● **What you will do**
Look through the data below for the line with "春の新作アメリカンレトロポロ" and the line with "当地时间2023年5月9日,巴基斯坦白沙", then output those two and all lines in between, exactly as written.

(Beginning of Data for analysis)

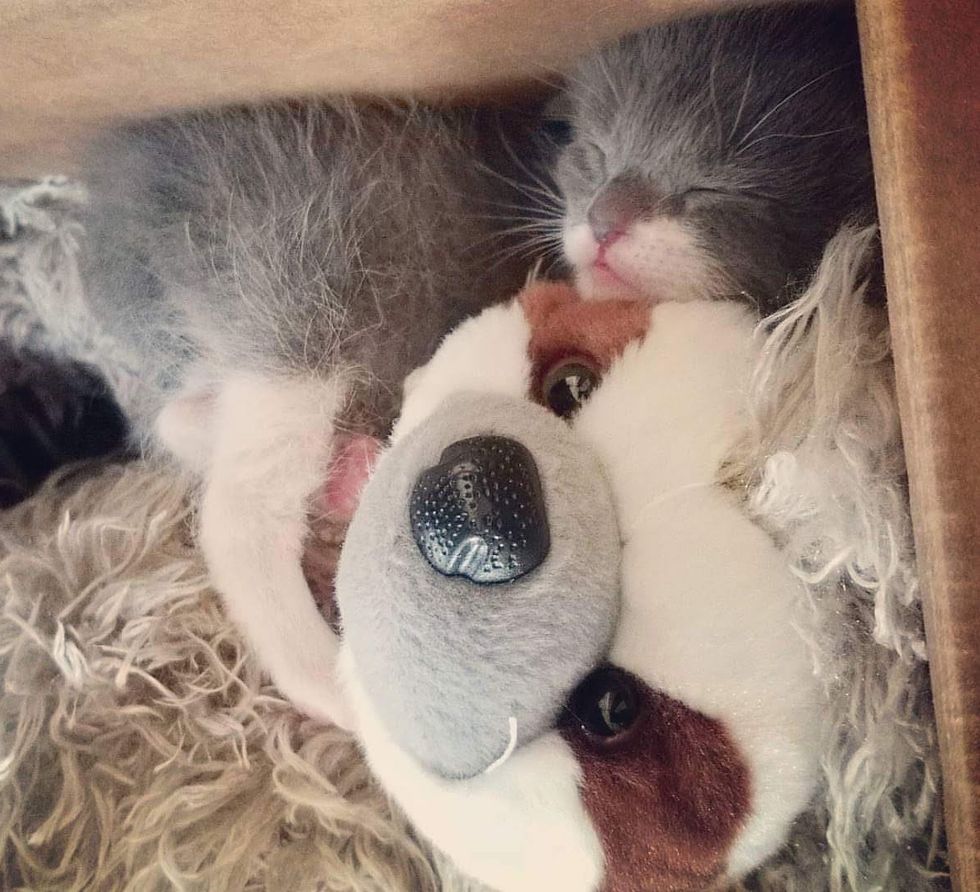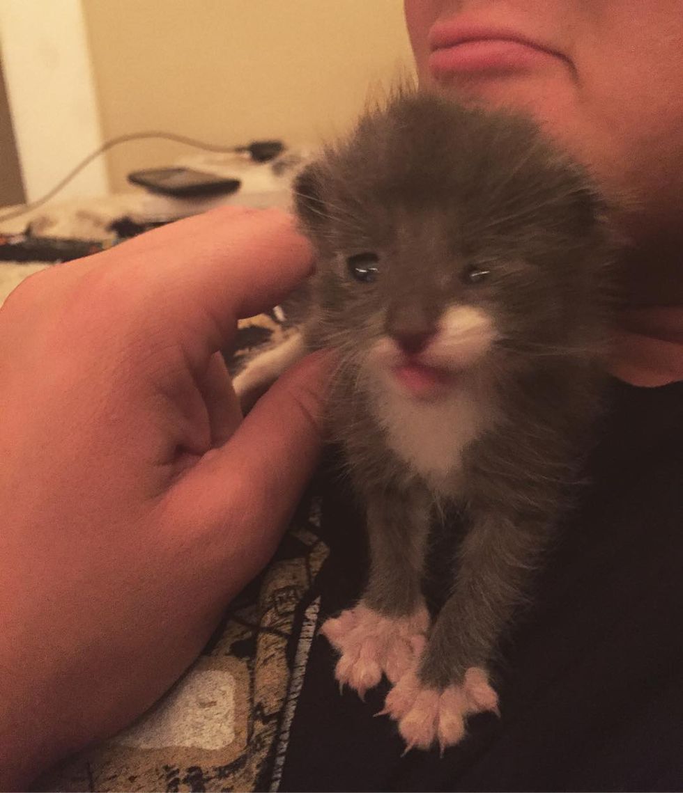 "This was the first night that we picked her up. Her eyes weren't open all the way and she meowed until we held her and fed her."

(End of Data for analysis)
(Beginning of Data for analysis)

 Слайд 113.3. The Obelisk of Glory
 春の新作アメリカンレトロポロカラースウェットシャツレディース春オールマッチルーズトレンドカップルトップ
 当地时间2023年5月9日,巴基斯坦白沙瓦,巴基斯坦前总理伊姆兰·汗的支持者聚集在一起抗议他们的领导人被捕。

(End of Data for analysis)

● **Output for this exercise**
 春の新作アメリカンレトロポロカラースウェットシャツレディース春オールマッチルーズトレンドカップルトップ
 当地时间2023年5月9日,巴基斯坦白沙瓦,巴基斯坦前总理伊姆兰·汗的支持者聚集在一起抗议他们的领导人被捕。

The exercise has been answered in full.